Home for the Holidays: Jodie Foster has only directed three movies in her career, and she chose this tale of a dysfunctional family’s annual gathering at Thanksgiving. Holly Hunter loses her job, makes out with her ex-boss, and heads home to face the music, wonderfully supplied by Anne Bancroft, Robert Downey, Jr. and Charles Durning. This film, by the way, has one of the most interesting opening-credit sequences I’ve ever seen. It will also make you genuinely grateful for your family, because next to this crew of misfits, nearly any family looks great.

Come Christmas time I’ll suggest a list of Christmas feel-good films--like Die Hard--but until then everyone’s entitled to my opinion about Thanksgiving movies, and these three are the best of a very small bunch.

Thanksgiving and the Will of God

Thanksgiving posts always seem to sound like such a scolding: we ought to give thanks. 

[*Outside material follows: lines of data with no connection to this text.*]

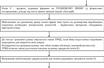 - додаткова кредитна емісія, завдяки якій фірми та уряд зможуть мобілізувати на грошовому ринку (потоки 6 та 8) більше грошей, ніж туди надійде за потоком заощаджень сімейних господарств (потік 5) |
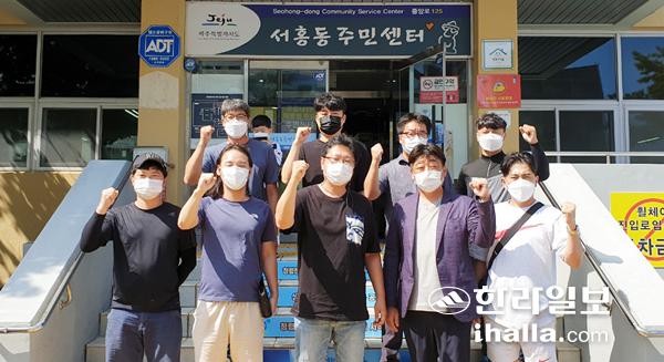 서귀포시 서홍동연합청년회(회장 김법수)는 최근 코로나19 확진자 급증에 따른 확산세 방지를 위해 19일 서홍동 관내 유동인구와 인구 밀집도가 높은 다중이용시설 30개소를 대상으로 방역활동을 전개했다.
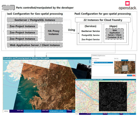 The methods for configuring cloud computing services for PaaS can vary depending on the hardware conditions of service management and operation. In particular, PaaS is not only immediately applicable to general hardware, but it can also be configured above IaaS. PaaS actually works on top of hardware or virtualized resources in the following cases: PaaS could be offered on top of existing IaaS, which is not offered by the same provider; it could be offered by the same provider; and it could be built on top of a certain infrastructure, on top of which no IaaS services are offered. Thus, the strategies for PaaS application implementation are also diverse. The trial system with the geo-spatial data processing function was built on the PaaS cloud environment for testing in order to perform performance evaluations. To deploy PaaS, the open source scheme was employed in order to configure PaaS over IaaS, such that the IaaS-based cloud service was leveraged to compare the performance of the PaaS-based one. To deploy PaaS running on IaaS, all the services needed to support the geospatial application or service were manually deployed using virtual hardware in order to compare the processing performance. Both solutions for deploying IaaS and PaaS in this trial system are open-source; IaaS was realized via OpenStack [30], while PaaS, via Cloud Foundry [31] over the implemented IaaS cloud. Both are widely used as open-source projects for the development of cloud computing technology and services. The PaaS is a cloud computing environment, linked to the e-government framework, which is based on open source for the construction of public purpose Web services in Korea [32]. Cloud Foundry was adopted, along with many other open source PaaS products or solutions [33]. That is the main reason why Cloud Foundry was applied in this study. On the other hand, PaaS can be deployed in many IaaS environments, but OpenStack was applied because it is the most commonly used cloud computing environment. OpenStack is a collection of services, such as orchestration, block storage, networking, computing, measurement, authentication, and dashboard. The primary node configuration, which is deployed using OpenStack, consists of a controller and a computer. The controller provides a function for controlling clients that call each hypervisor an API. In a hypervisor, one of the server virtualization types, virtual servers are separate because the OS and applications are virtualized on a unified basis. A product, named Nova, for the controller and computer functions in OpenStack is designed for horizontal expansion, regardless of whether a hypervisor is used, and provides the ability to interlink with legacy systems or third-party products. If necessary, the IaaS environment is configured to use block storage and object storage with additional storage nodes. A controller, a computer, and block storage are required to build the PaaS-based service for experimentation.

Think about all the things you have and all other people who have nothing
There, now: give thanks.
Don’t concentrate on what is missing, be grateful for what you have.
There, now: give thanks.
Ungrateful people are losers.
There, now: give thanks.
The problem is, guilt is a terrible motivation for giving thanks. When I read Bible passages instructing me to give thanks, it can sound the same way:
Rejoice always, pray continually, give thanks in all circumstances; for this is God’s will for you in Christ Jesus. (1 Thessalonians 5: 16 - 18)
On my grumpy days I feel like talking back to the scripture, “Don’t tell me to be happy! Do you think I could put it on from the outside?” (Here’s a happy-coat, why don’t you put it on?) And yet, giving thanks is the will of God. So if it’s the will of God shouldn’t I simply try harder, be obedient, and say thank you?

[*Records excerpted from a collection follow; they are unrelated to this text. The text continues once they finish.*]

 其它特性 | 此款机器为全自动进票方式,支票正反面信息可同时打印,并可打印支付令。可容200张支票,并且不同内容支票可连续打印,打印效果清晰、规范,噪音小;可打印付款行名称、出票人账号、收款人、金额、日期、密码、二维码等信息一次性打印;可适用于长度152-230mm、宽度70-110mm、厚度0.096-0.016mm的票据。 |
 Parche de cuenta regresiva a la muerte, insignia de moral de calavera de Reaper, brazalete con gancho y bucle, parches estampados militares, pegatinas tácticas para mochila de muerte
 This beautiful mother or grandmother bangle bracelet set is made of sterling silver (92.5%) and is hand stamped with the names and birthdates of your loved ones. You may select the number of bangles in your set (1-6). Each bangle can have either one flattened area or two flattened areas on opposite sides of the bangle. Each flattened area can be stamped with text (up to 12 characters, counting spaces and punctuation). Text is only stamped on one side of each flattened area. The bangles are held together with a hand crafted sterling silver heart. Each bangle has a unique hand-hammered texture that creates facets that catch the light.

For example, frequently we teach children to say please and thank you as a matter of courtesy--as a way of teaching them how to get along in society. It’s the price they must pay to get their milk and cookies. We’re more concerned with the outward performance of good manners than we are with true gratitude. 
As we approach Thanksgiving in the United States this year, I’m beginning to discover there’s a difference between giving thanks and having a thankful heart. I’m also beginning to discover that the Father cares more about thankfulness that flows from the inside out than obedience we wear like a cheap suit.
Paul’s words in Thessalonians have something to teach us about the will of God: does the Father want outward compliance or a heart capable of expressing his will and doing it naturally?  Of course, it’s always better to obey than not to obey, but I think he’s after more than mere obedience--he knows thankfulness is the best thing for us. He knows that when our hearts respond with prayers of joy and gratitude to the situations of life, we are responding out of Christlessness and not simply parroting the company line. 
Rather than hearing thankfulness as a command, perhaps we can hear it as an invitation:
Let the peace of Christ rule in your hearts, since as members of one body you were called to peace. And be thankful. Let the message of Christ dwell among you richly as you teach and admonish one another with all wisdom through psalms, hymns, and songs from the Spirit, singing to God with gratitude in your hearts. Colossians 3: 15 - 16)
God is not honored when we tell him what we think he wants to hear--even though we don’t believe it. He knows better. He is honored (and we are healthiest) when our hearts and minds flow naturally with his. In this season we do well to recognize that included in the flow is a heart-condition called thankfulness.